BEGIN Given material

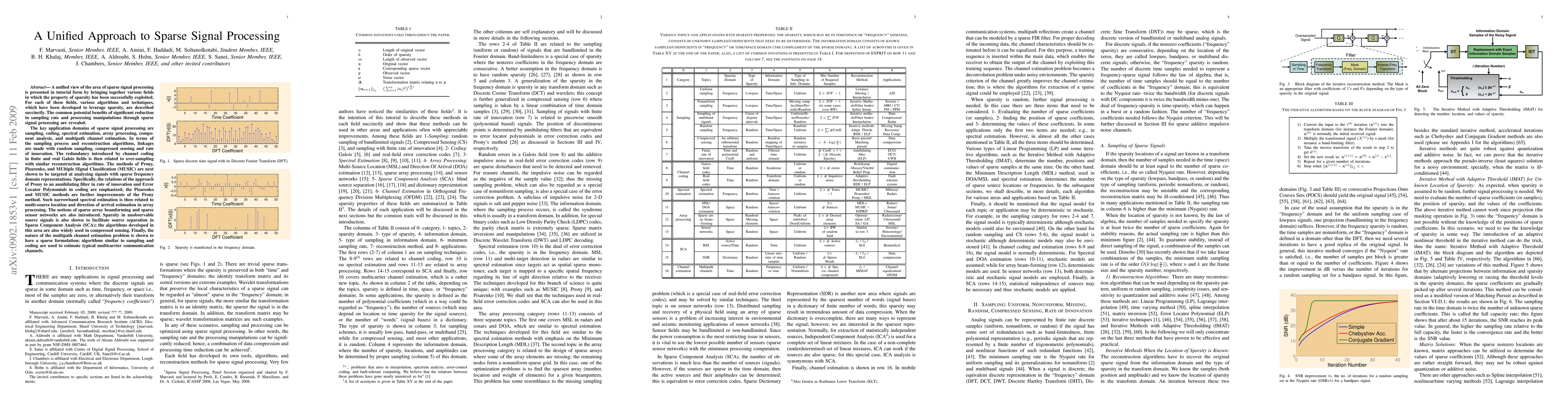 A unified view of sparse signal processing is presented in tutorial form by bringing together various fields. For each of these fields, various algorithms and techniques, which have been developed to leverage sparsity, are described succinctly. The common benefits of significant reduction in sampling rate and processing manipulations are revealed. The key applications of sparse signal processing are sampling, coding, spectral estimation, array processing, component analysis, and multipath channel estimation. In terms of reconstruction algorithms, linkages are made with random sampling, compressed sensing and rate of innovation. The redundancy introduced by channel coding in finite/real Galois fields is then related to sampling with similar reconstruction algorithms. The methods of Prony, Pisarenko, and MUSIC are next discussed for sparse frequency domain representations. Specifically, the relations of the approach of Prony to an annihilating filter and Error Locator Polynomials in coding are emphasized; the Pisarenko and MUSIC methods are further improvements of the Prony method. Such spectral estimation methods is then related to multi-source location and DOA estimation in array processing. The notions of sparse array beamforming and sparse sensor networks are also introduced. Sparsity in unobservable source signals is also shown to facilitate source separation in SCA; the algorithms developed in this area are also widely used in compressed sensing. Finally, the multipath channel estimation problem is shown to have a sparse formulation; algorithms similar to sampling and coding are used to estimate OFDM channels.
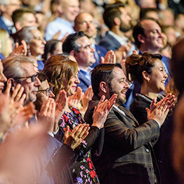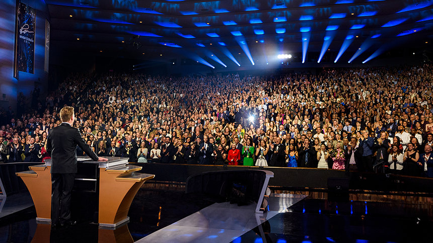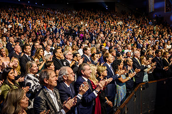 Uno de los temas inspiradores de la noche: “Pensar en Grande”, se ha mostrado durante la intensa y exultante celebración que estaba a rebosar de público, esta incluía una revisión de los logros del año pasado, así como la presentación de ejecutivos recién entrenados que van a Orgs Ideales de todo el mundo después de haber terminado el programa de entrenamiento más importante en la historia de Scientology.
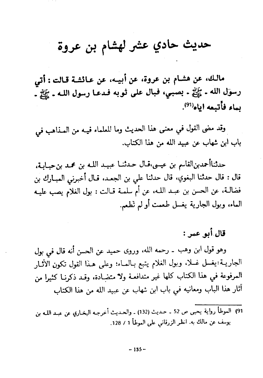 حَدِيثٌ حَادِيَ عَشَرَ لِهِشَامِ بْنِ عُرْوَةَ مَالِكٍ عَنْ هِشَامِ بْنِ عُرْوَةَ عَنْ أَبِيهِ عن عَائِشَةَ قَالَتْ أُتِيَ رَسُولُ اللَّهِ صَلَّى اللَّهُ عَلَيْهِ وَسَلَّمَ بِصَبِيٍّ فَبَالَ عَلَى ثَوْبِهِ فَدَعَا رَسُولُ اللَّهِ صَلَّى اللَّهُ عَلَيْهِ وَسَلَّمَ بِمَاءٍ فَأَتْبَعَهُ إِيَّاهُ وَقَدْ مَضَى الْقَوْلُ فِي مَعْنَى هَذَا الْحَدِيثِ وَمَا لِلْعُلَمَاءِ فِيهِ مِنَ الْمَذَاهِبِ فِي بَابِ ابْنِ شِهَابٍ عَنْ عَبْدِ اللَّهِ مِنْ هَذَا الْكِتَابِ حَدَّثَنَا أَحْمَدُ بْنُ الْقَاسِمِ بْنِ عِيسَى قَالَ حَدَّثَنَا عُبَيْدُ اللَّهِ بْنُ مُحَمَّدِ بْنِ حَبَابَةَ قَالَ قَالَ حَدَّثَنَا الْبَغَوِيُّ قَالَ حَدَّثَنَا عَلِيُّ بْنُ الْجَعْدِ قَالَ أَخْبَرَنِي الْمُبَارَكُ بْنُ فَضَالَةَ عَنِ الْحَسَنِ بْنِ عَبْدِ اللَّهِ عَنْ أُمِّ سَلَمَةَ قَالَتْ بَوْلُ الْغُلَامِ يُصَبُّ عَلَيْهِ الْمَاءُ وَبَوْلُ الْجَارِيَةِ يُغْسَلُ طَعِمَتْ أَوْ لَمْ تَطْعَمْ قَالَ أَبُو عُمَرَ وَهُوَ قَوْلُ ابْنِ وَهْبٍ رَحِمَهُ اللَّهُ وَرَوَى حُمَيْدٌ عَنِ الْحَسَنِ أَنَّهُ قَالَ فِي بَوْلِ الْجَارِيَةِ يُغْسَلُ غَسْلًا وَبَوْلُ الْغُلَامِ يُتْبَعُ بِالْمَاءِ وَعَلَى هَذَا الْقَوْلِ تَكُونُ الْآثَارُ الْمَرْفُوعَةُ فِي هَذَا الكتاب كلها غَيْرَ مُتَدَافِعَةٍ وَلَا مُتَضَادَّةً وَقَدْ ذَكَرْنَا كَثِيرًا مِنْ آثَارِ هَذَا الْبَابِ وَمَعَانِيهِ فِي بَابِ ابْنِ شِهَابٍ عَنْ عُبَيْدِ اللَّهِ مِنْ هَذَا الكتاب
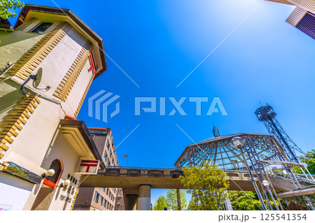 日本の横浜都市景観 横浜市営地下鉄 中川駅(副名称・東京都市大横浜キャンパス前)出入口などを望む

END Given material

Every line above should be repeated exactly; pictures stay out of the copy.

 A unified view of sparse signal processing is presented in tutorial form by bringing together various fields. For each of these fields, various algorithms and techniques, which have been developed to leverage sparsity, are described succinctly. The common benefits of significant reduction in sampling rate and processing manipulations are revealed. The key applications of sparse signal processing are sampling, coding, spectral estimation, array processing, component analysis, and multipath channel estimation. In terms of reconstruction algorithms, linkages are made with random sampling, compressed sensing and rate of innovation. The redundancy introduced by channel coding in finite/real Galois fields is then related to sampling with similar reconstruction algorithms. The methods of Prony, Pisarenko, and MUSIC are next discussed for sparse frequency domain representations. Specifically, the relations of the approach of Prony to an annihilating filter and Error Locator Polynomials in coding are emphasized; the Pisarenko and MUSIC methods are further improvements of the Prony method. Such spectral estimation methods is then related to multi-source location and DOA estimation in array processing. The notions of sparse array beamforming and sparse sensor networks are also introduced. Sparsity in unobservable source signals is also shown to facilitate source separation in SCA; the algorithms developed in this area are also widely used in compressed sensing. Finally, the multipath channel estimation problem is shown to have a sparse formulation; algorithms similar to sampling and coding are used to estimate OFDM channels.
 Uno de los temas inspiradores de la noche: “Pensar en Grande”, se ha mostrado durante la intensa y exultante celebración que estaba a rebosar de público, esta incluía una revisión de los logros del año pasado, así como la presentación de ejecutivos recién entrenados que van a Orgs Ideales de todo el mundo después de haber terminado el programa de entrenamiento más importante en la historia de Scientology.
 حَدِيثٌ حَادِيَ عَشَرَ لِهِشَامِ بْنِ عُرْوَةَ مَالِكٍ عَنْ هِشَامِ بْنِ عُرْوَةَ عَنْ أَبِيهِ عن عَائِشَةَ قَالَتْ أُتِيَ رَسُولُ اللَّهِ صَلَّى اللَّهُ عَلَيْهِ وَسَلَّمَ بِصَبِيٍّ فَبَالَ عَلَى ثَوْبِهِ فَدَعَا رَسُولُ اللَّهِ صَلَّى اللَّهُ عَلَيْهِ وَسَلَّمَ بِمَاءٍ فَأَتْبَعَهُ إِيَّاهُ وَقَدْ مَضَى الْقَوْلُ فِي مَعْنَى هَذَا الْحَدِيثِ وَمَا لِلْعُلَمَاءِ فِيهِ مِنَ الْمَذَاهِبِ فِي بَابِ ابْنِ شِهَابٍ عَنْ عَبْدِ اللَّهِ مِنْ هَذَا الْكِتَابِ حَدَّثَنَا أَحْمَدُ بْنُ الْقَاسِمِ بْنِ عِيسَى قَالَ حَدَّثَنَا عُبَيْدُ اللَّهِ بْنُ مُحَمَّدِ بْنِ حَبَابَةَ قَالَ قَالَ حَدَّثَنَا الْبَغَوِيُّ قَالَ حَدَّثَنَا عَلِيُّ بْنُ الْجَعْدِ قَالَ أَخْبَرَنِي الْمُبَارَكُ بْنُ فَضَالَةَ عَنِ الْحَسَنِ بْنِ عَبْدِ اللَّهِ عَنْ أُمِّ سَلَمَةَ قَالَتْ بَوْلُ الْغُلَامِ يُصَبُّ عَلَيْهِ الْمَاءُ وَبَوْلُ الْجَارِيَةِ يُغْسَلُ طَعِمَتْ أَوْ لَمْ تَطْعَمْ قَالَ أَبُو عُمَرَ وَهُوَ قَوْلُ ابْنِ وَهْبٍ رَحِمَهُ اللَّهُ وَرَوَى حُمَيْدٌ عَنِ الْحَسَنِ أَنَّهُ قَالَ فِي بَوْلِ الْجَارِيَةِ يُغْسَلُ غَسْلًا وَبَوْلُ الْغُلَامِ يُتْبَعُ بِالْمَاءِ وَعَلَى هَذَا الْقَوْلِ تَكُونُ الْآثَارُ الْمَرْفُوعَةُ فِي هَذَا الكتاب كلها غَيْرَ مُتَدَافِعَةٍ وَلَا مُتَضَادَّةً وَقَدْ ذَكَرْنَا كَثِيرًا مِنْ آثَارِ هَذَا الْبَابِ وَمَعَانِيهِ فِي بَابِ ابْنِ شِهَابٍ عَنْ عُبَيْدِ اللَّهِ مِنْ هَذَا الكتاب
 日本の横浜都市景観 横浜市営地下鉄 中川駅(副名称・東京都市大横浜キャンパス前)出入口などを望む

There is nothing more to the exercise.